Abstract:
The invention relates to a terminal controller for editing formatted screen data sent from a processing unit to produce edited screen data and for transferring the edited screen data to a terminal device. The edited screen data which can be repeatedly used is stored in a buffer memory which is separately provided in the terminal controller. In response to a command from the processing unit, this data is extracted from the buffer memory so that the screen data is transferred to the terminal device without being re-edited for each transfer. The data stored in the buffer memory is subjected, if desired, to a synthesizing processing before it is sent to the terminal device.

Description:
BACKGROUND OF THE INVENTION 
     1. Field of the Invention 
     The present invention relates to a terminal controller and, more particularly, to improvements in a terminal controller which operates to buffer screen data coming from a central processing unit and for transferring this data to a terminal device. 
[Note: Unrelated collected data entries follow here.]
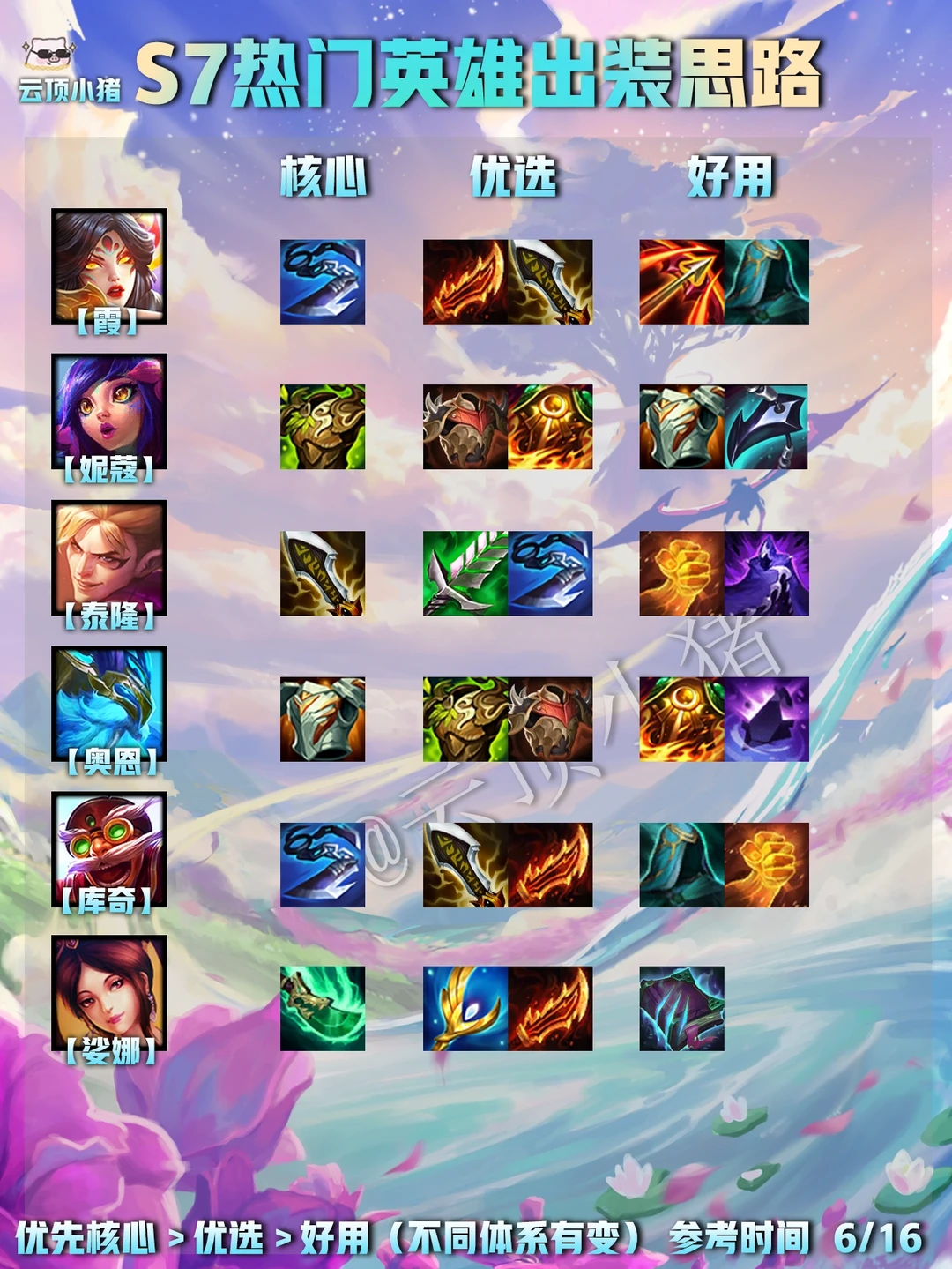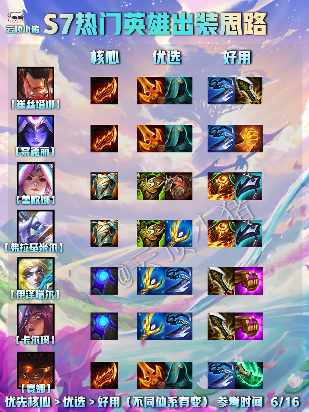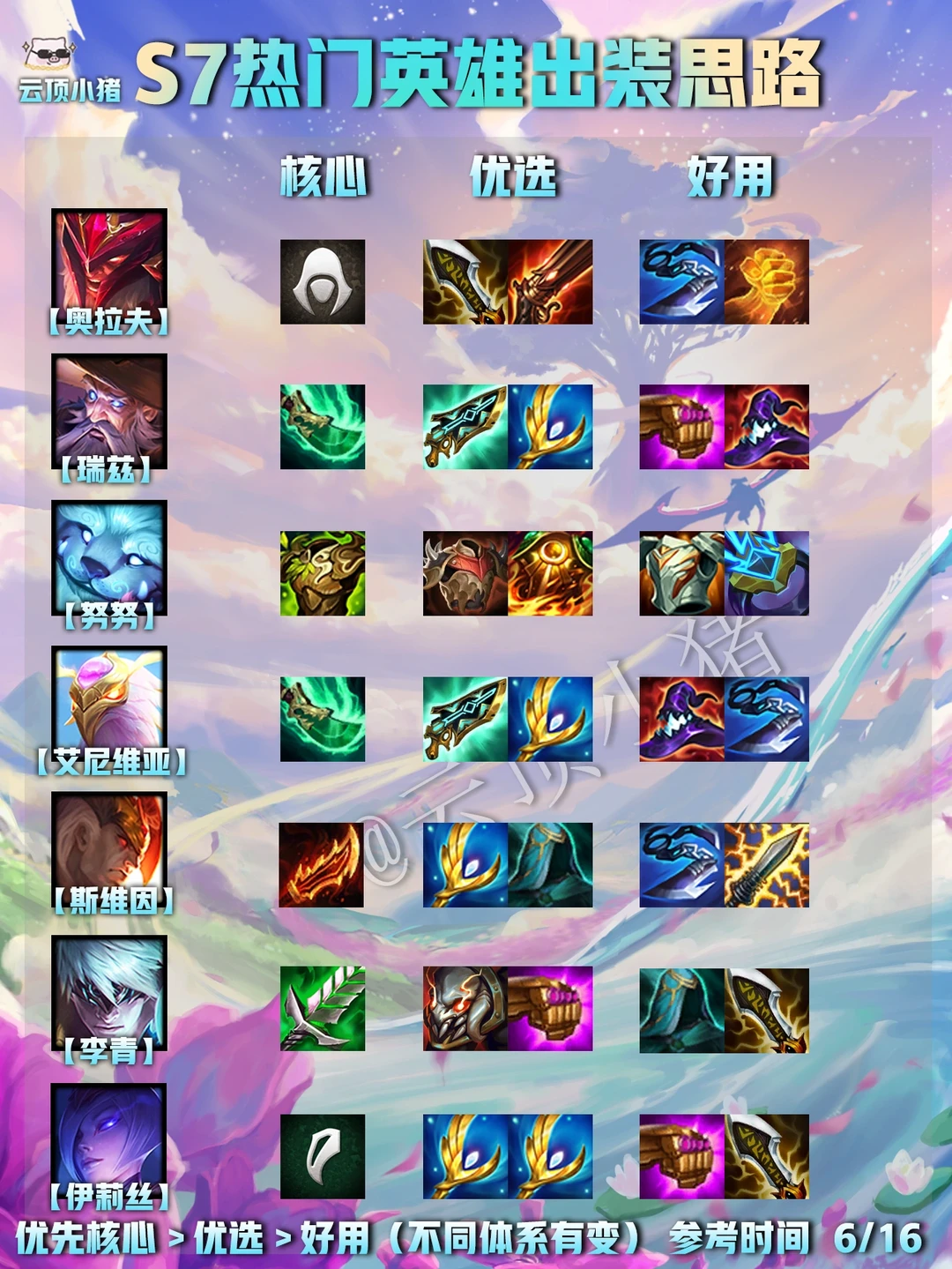 [害羞R]大家好鸭,我是小猪~ 嘿嘿,今天金铲铲S7赛季也正式开始啦! [赞R]这次的出装思路是实战一周结合各平台王者大神的思路汇总,参考价值很高。 [害羞R]刚上手的小伙伴直接三连抄作业就行啦~ 核心是性价比最高最关键的,优选是第二三件,好用是很适合,有就做不用等待的装备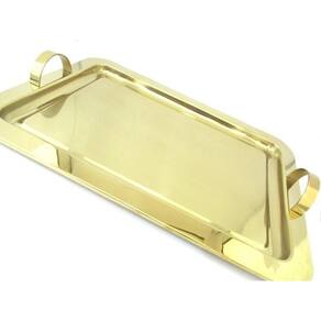 Bandeja Retangular Média Dourada Fineza Bandeja Retangular Média Fineza Material: Aço Inox Dimensões: 25x34,5 Contém: 1 Bandeja de aço inox com revestimento Dourado Todas as peças em aço inox, de alto padrão com revestimento dourado de alta durabilidade. Recomendações de uso:Use apenas sabão ou detergente e o lado macio da esponja. Outros tipos de produtos, como palha de aço, poderão riscar ou prejudicar o brilho. Enxágue bem cada peça a fim de remover totalmente os resíduos dos produtos de limpeza, que, por serem abrasivos, podem prejudicar o inox. Sempre que possível, use água morna, pois renova o brilho do produto. Após a lavagem, enxugue imediatamente o mesmo, caso contrário, as substâncias químicas da água cloro poderão causar manchas. Na lavagem manual evite atrito entre o produto durante o processo de lavagem e no armazenamento, para mantê-los sem riscos. Não recomendado também, o uso de máquina lava louças.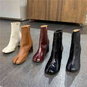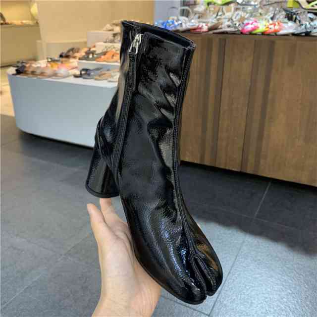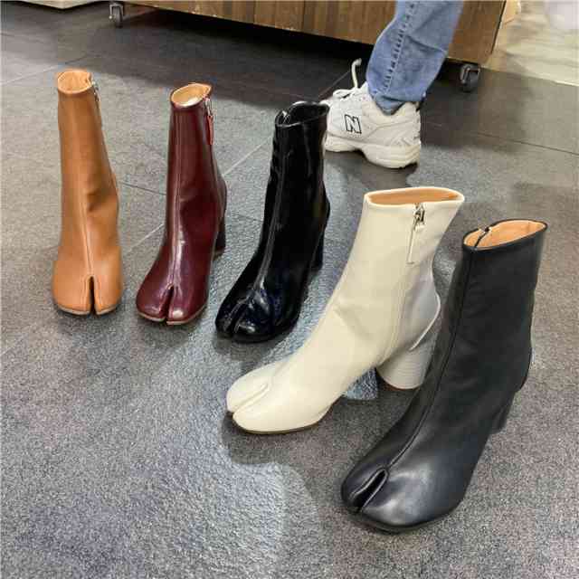 ブーツ レディース ショートブーツ 歩きやすい 7cm ヒール 秋冬 大きいサイズ 小さい 疲れない 靴 足が痛くならない 袴 卒業式 合成皮革 足袋(タビ)型 アンクルブーツ 高級感 エレガント 光沢感 フォーマル お呼ばれ チャンキーヒール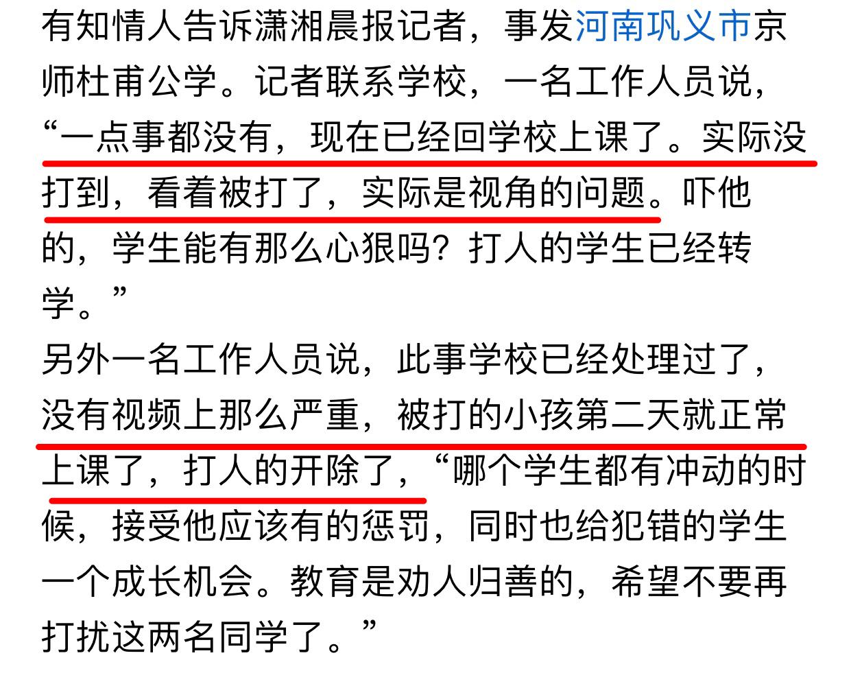 学校监控中:拿着凳子抡圆砸同学后脑 学校回复里:一点事儿没有,没打到不严重 河南这所学校的说明不能说漏洞百出只能说糊弄都懒得糊弄,前面说压根没打到是视角问题,后面就讲被打者不严重打人者已被开除,明显是口风都没对好就出来回应。视频里完整地记录了打人者站起来到拿凳子砸同学再到回座位的过程,可能在学校看来大事化了不影响声誉才是重点。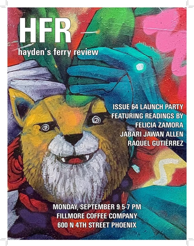 Hayden’s Ferry Review, a semi-annual literary journal edited by MFA students at ASU, has been going strong since 1986. The journal will celebrate the release of its 64th publication, the MAGIC issue, with a launch party at Fillmore Coffee Co. on Monday, September 9. The event features a poetry reading from three contributors: Jabari Jawan Allen, Raquel Gutiérrez, and Felicia Zamora.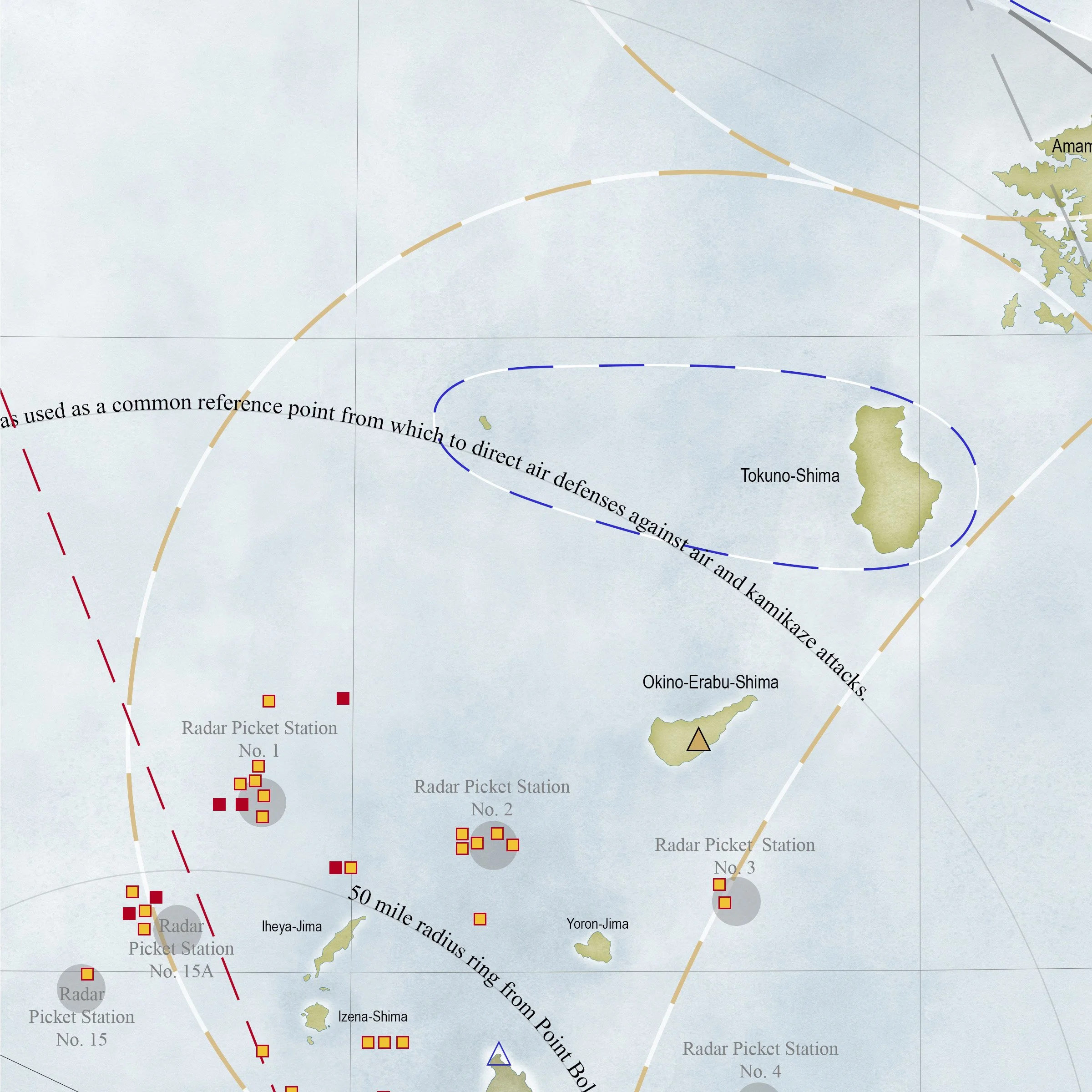 3. Naval Campaign Overview, provides a map of the vast geographic area where the naval-air battle was fought. The locations of damaged ship and sinkings are provided to illustrate immense threat posed by the kamikaze attacks. Radar picket ship stations are also provided. An example of an aircraft carrier flight schedule is included to provide an insight into the cyclical nature of daily carrier flight operations, and why it was imperative to establish land based airfields.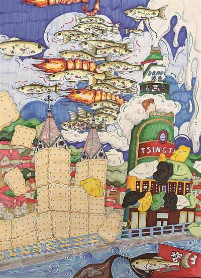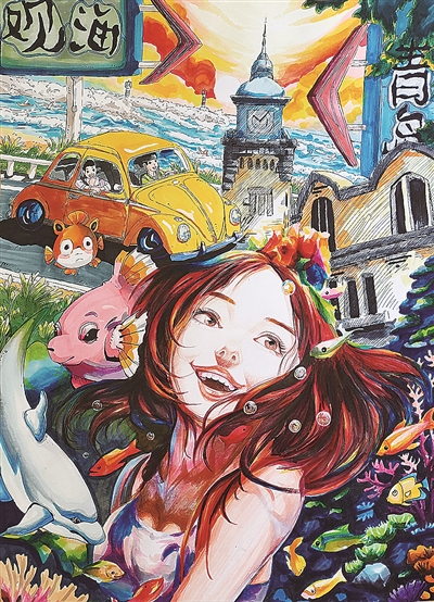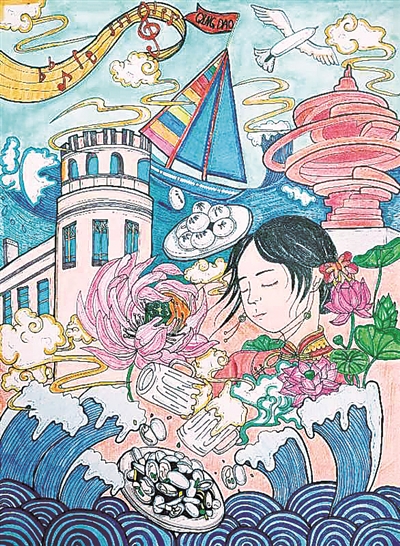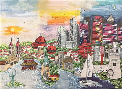 色彩明艳、活泼,充满张力的作品展示了小作者充沛的想象力和绘画功底,孩子的笔触让青岛的美跃然纸上。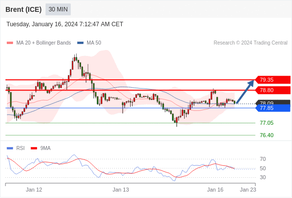 布伦特原油 (ICE)? (H4)? 当日内: 在77.85之上,看涨。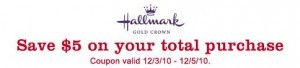 $5 Off Hallmark Purchase – No minimum purchase (exp 12/5)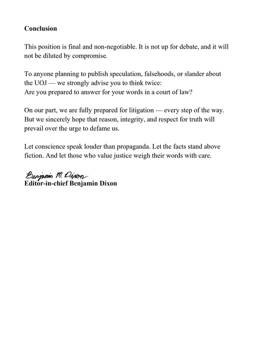 Бен Діксон зробив «християнське попередження» всім, хто вже опублікував або планує публікувати наклепницькі матеріали: у них є можливість добровільно відкликати наклепницький контент. В іншому випадку СПЖ звернеться до суду.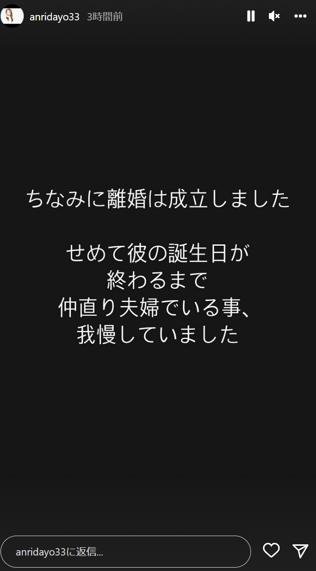 さらに「この妻のTPOを弁えられない下品さには僕はもう耐えられません。僕の仕事を理解出来ないようであれば離婚を選ぶしか他無いです。今までずっと黙って来ましたが 僕の堪忍袋の緒が切れました。これ以上は僕も限界です」と言及し離婚に同意している様子も。

     2. Description of the Prior Art 
     Conventionally, when sending screen data to a terminal device, such as a display or printing device, it is usual to edit the data sent from a central processing unit by means of a terminal controller, and to transfer the edited data to a buffer memory belonging to the terminal device. The terminal controller is equipped with a screen data editing buffer memory which corresponds to the buffer memory in the terminal device and on which the screen data is edited, until the edited screen data is sent to the terminal device. 
     In the operations of the terminal controller thus far described, the process of editing the screen data takes the longer time because the screen data is more complex. This delays the response time from the viewpoint of the terminal device. This terminal device performs the operations of adding keyed-in data to the initial screen given from the terminal controller, and operates to send either the data of the whole screen or only the additional data to the central processing unit through the terminal controller. The above processes for an identical initial screen could sometimes be repeated, so that the terminal controller repeats the identical editing process for the identical screen data, and this raises a performance problem especially in the case of a complex initial screen. Since the central processing unit repeatedly sends the identical screen data to the terminal controller, moreover, the circuit usage is wasteful, especially when communication lines, etc., are used, thus inviting a disadvantage in the cost for the use of the communication line and so on. 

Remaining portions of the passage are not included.